This is the start of my occasional series on ‘mere Christianity’.
So let us start with the word of God, oh, better idea; let us start with the Word of God.
For us, the really sacred figure is Jesus of Nazareth, whom his follower came to believe was the Anointed of God, in Greek (the language in which the New Testament is written) ‘the Christ’. Jesus is how we see God – he is, if you like, the window through we look when we are trying to see into the big deep mysterious house we call ‘God’ – a house which sometimes seems utterly familiar, like a place we have always known, and sometime so strange we doubt the evidence before us. This is something I want to come back to, but for now, keep with the image of Christ as a window. Jesus is astonishing (something else to come back to) but he, we believe, is uniquely the best way of seeing and understanding God.
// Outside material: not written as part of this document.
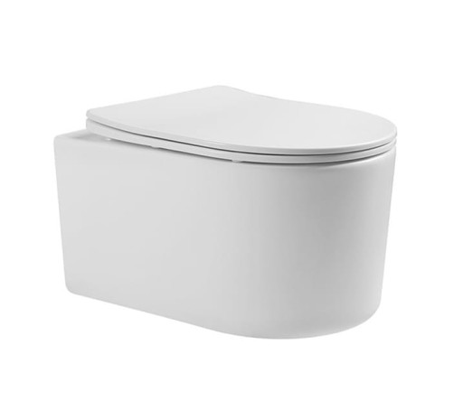 Muszla wykonana jest z ceramiki sanitarnej w kolorze śnieżnej bieli. Jej rozmiar pozwala na optymalne wykorzystanie przestrzeni, a innowaycjny systemem Rimless zapewnia funkcjonalność. W komplecie z muszlą dołączona jest deska wolnoopadająca wykonana z duroplastu, posiadająca metalowe zawiasy.
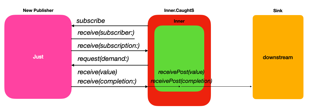 만약 Future에서 에러가 발생한다면, Catch는 New Publisher의 값을 downstream인 Sink Subscriber에게 넘기게 됩니다.

The very beginning of John’s gospel, one of five early accounts of Jesus and by far the most poetic, calls him ‘the Word of God’, the logos, the root which gives us logic, and all the ‘ology’ word-ends. It is as though God speaks, and what he speaks is not a sound, but a person.
If Jesus is uniquely the best way of understanding God, it follows that the Bible can only be a second-best way of seeing God. It is not, and it cannot be, the Word of God. It is Jesus who (according to John) was ‘next to God, and was God’. The Bible may be jolly interesting, but it is not and never has been ‘next to God’ or, of one prefers the more sedate translation, ‘with God’. The Bible is words, not the Word.
It follows that liberal Christians tend to sit a heap lighter to the Bible than atheists (no names, no pack drill) think they should.